Democracy is championed as a universal good by the West, but we over-estimate its power to guarantee personal and political freedom, argues Roger Scruton.
For some time, the leading Western nations have acted upon the assumption that democracy is the solution to political conflict, and that the ultimate goal of foreign policy must be to encourage the emergence of democracy in countries which have not yet enjoyed its benefits. And they continue to adhere to this assumption, even when considering events in the Middle East today. We can easily sympathise with it. For democracies do not, in general, go to war with each other, and do not, in general, experience civil war within their borders. Where the people can choose their government, there is a safety valve that prevents conflicts from over-heating. Unpopular governments are rejected without violence.
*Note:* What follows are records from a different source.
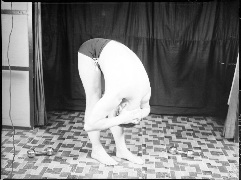 Nous voyons un homme du nom de Yvan Coutu vêtu d'un maillot, torse nu, exécutant des exercices de gymnastique devant une toile de fond : il se tient debout mais torse plié, tête aux genoux et bras derrière la tête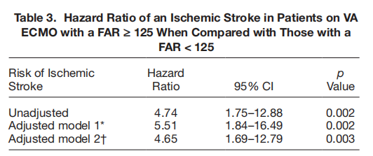 在调整了高血压、肌酐、MPV、房颤和VA ECMO支持时间后,与低FAR组相比,高FAR组缺血性脑卒中患者的aHR为5.51,95%CI:1.8-16.5,p=0.002(表3),在另一个调整了年龄、适应症和VA ECMO持续时间的模型中,aHR保持升高为4.65,95%CI:1.69–12.79,p=0.003(表3)。高FAR患者的出院生存率在22(33.9%)比44(48.9%)更低,p=0.06,表2。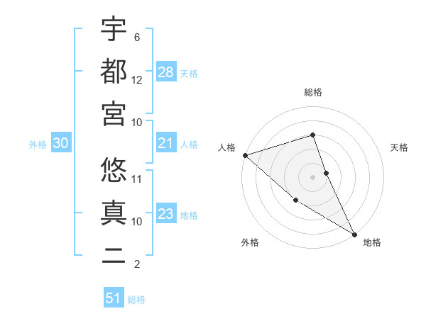 宇都宮 悠真ニさんを姓名の画数から五運を鑑定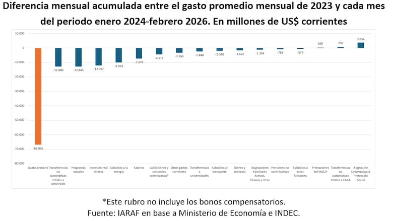 Según el Iaraf, la reducción del gasto en los últimos 26 meses superó los 10 puntos del PBI en poco más de dos años, en uno de los mayores ajustes fiscales de la historia reciente. Más del 90% de ese recorte se destinó a revertir el déficit fiscal y sostener el superávit, más que a la baja de impuestos.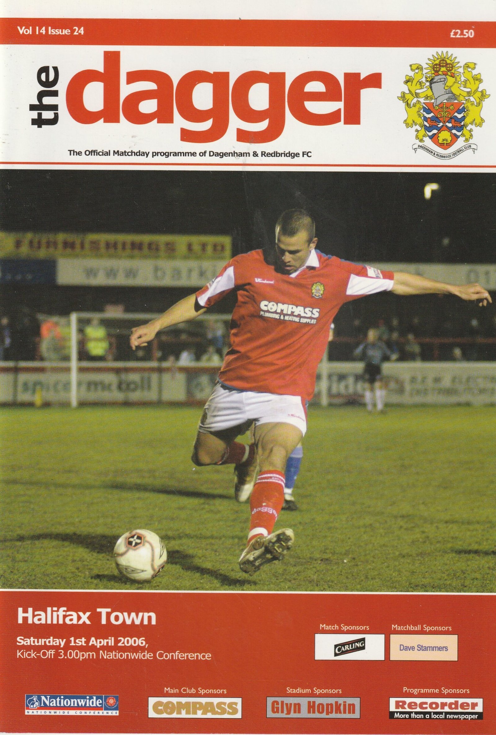 Match: Dagenham & Redbridge v Halifax Town Competition: Nationwide Conference Date: 01-Apr-2006 Comments: Rating: 4 Condition: Very good Weight in grams: 200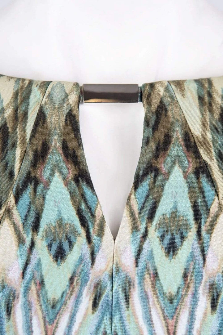Feel glamourous in this Gabby Skye 18986M. The multi-print design dress features a sleeveless, bateau neckline with keyhole detail, and an A-line skirt. Back zipper closure. A sure winner from Gabby Skye creation!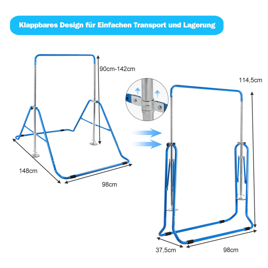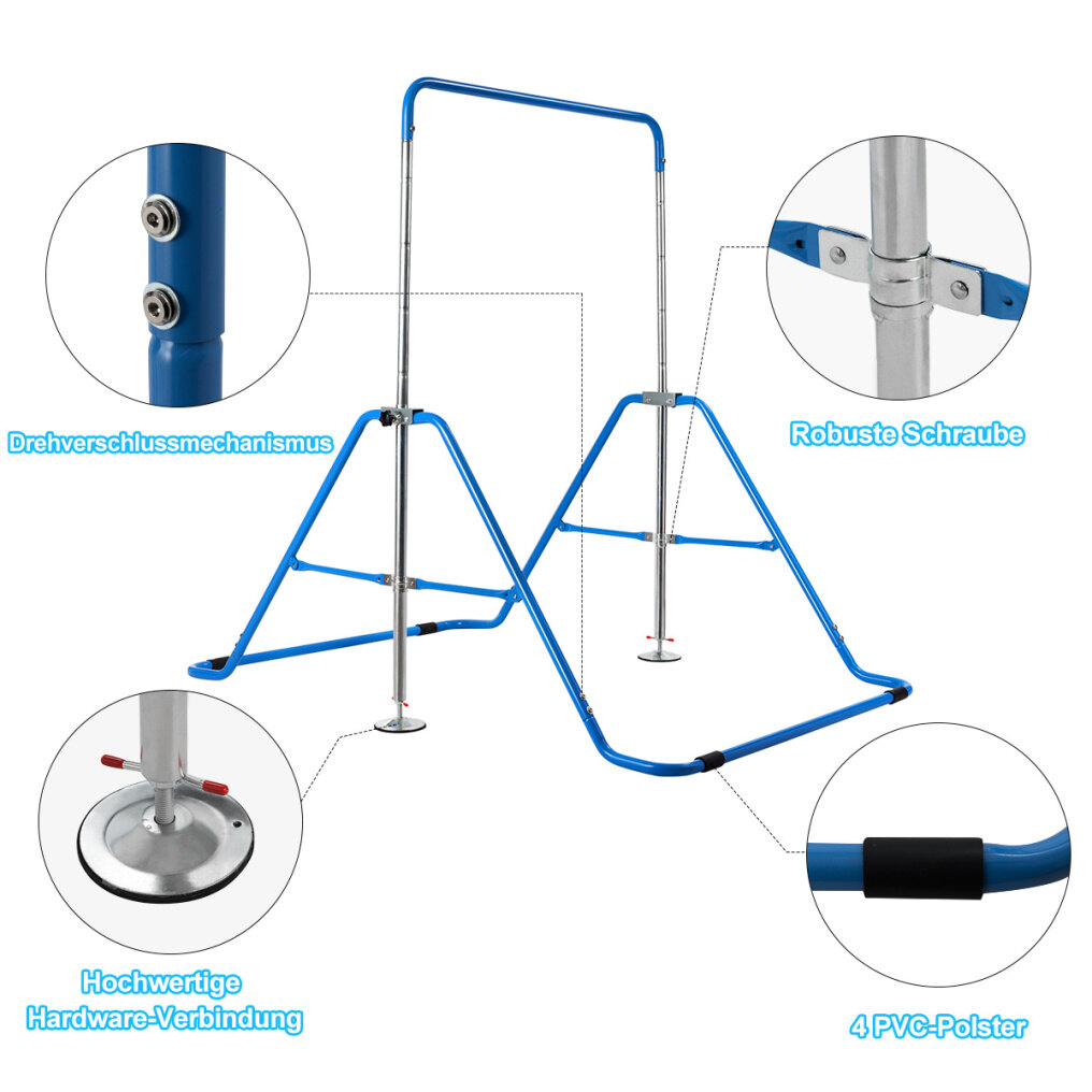 4-stage height adjustment: The height is adjustable in 4 stages: 90 cm, 105 cm, 115 cm and 130 cm. This allows children of different heights to use our adjustable monkey bars for training and easily select the appropriate height with the adjustment knob.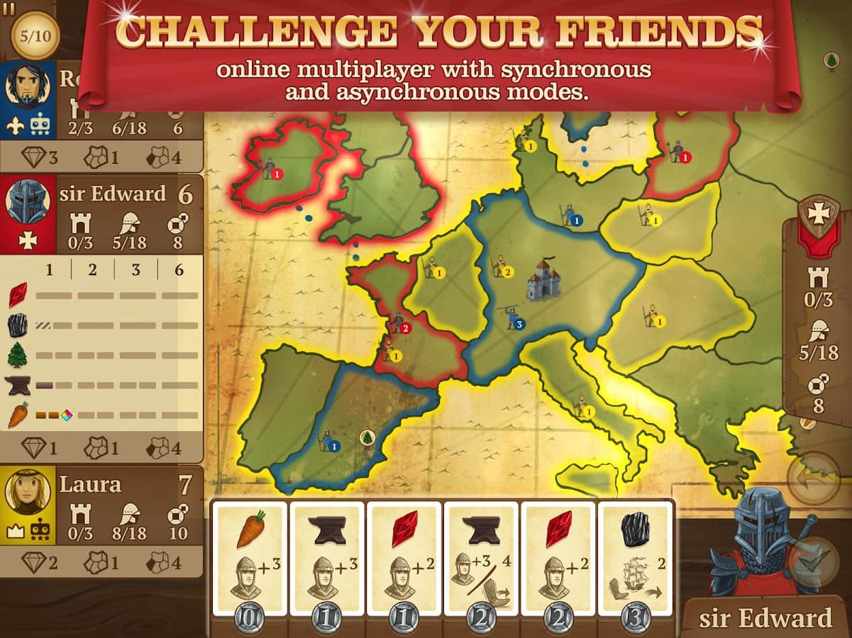 Empire de Ocho Minutos (Eight-Minute Empire) – un juego de mesa para Android donde construirás tu imperio en ocho minutos. En este juego tu tarea será reunir tu ejército invencible, comandar las tropas y luchar contra otros jugadores destruyendo sus castillos. Todo lo que harás será debilitar a tus oponentes y cómo puedes fortalecer mejor tu imperio. En este juego puedes jugar simultáneamente de 2 a 5 jugadores que elegirán cartas para realizar diversas acciones. Explora un enorme mapa del juego y toma mayor control, ganando puntos.

The championship of democracy has therefore become a settled feature of Western foreign policy. In retrospect, the Cold War has been seen as a conflict between democracy and totalitarianism, in which democracy finally triumphed. And with democracy came the liberation of the people of the former communist states. Where there had been tyranny and oppression, there was now freedom and human rights. And if we study the words of Western politicians, we will constantly find that the three ideas – democracy, freedom and human rights – are spoken of in one breath, and assumed in all circumstances to coincide. That, for many of our political leaders, is the lesson to be drawn from the Cold War and the final collapse of the Soviet empire.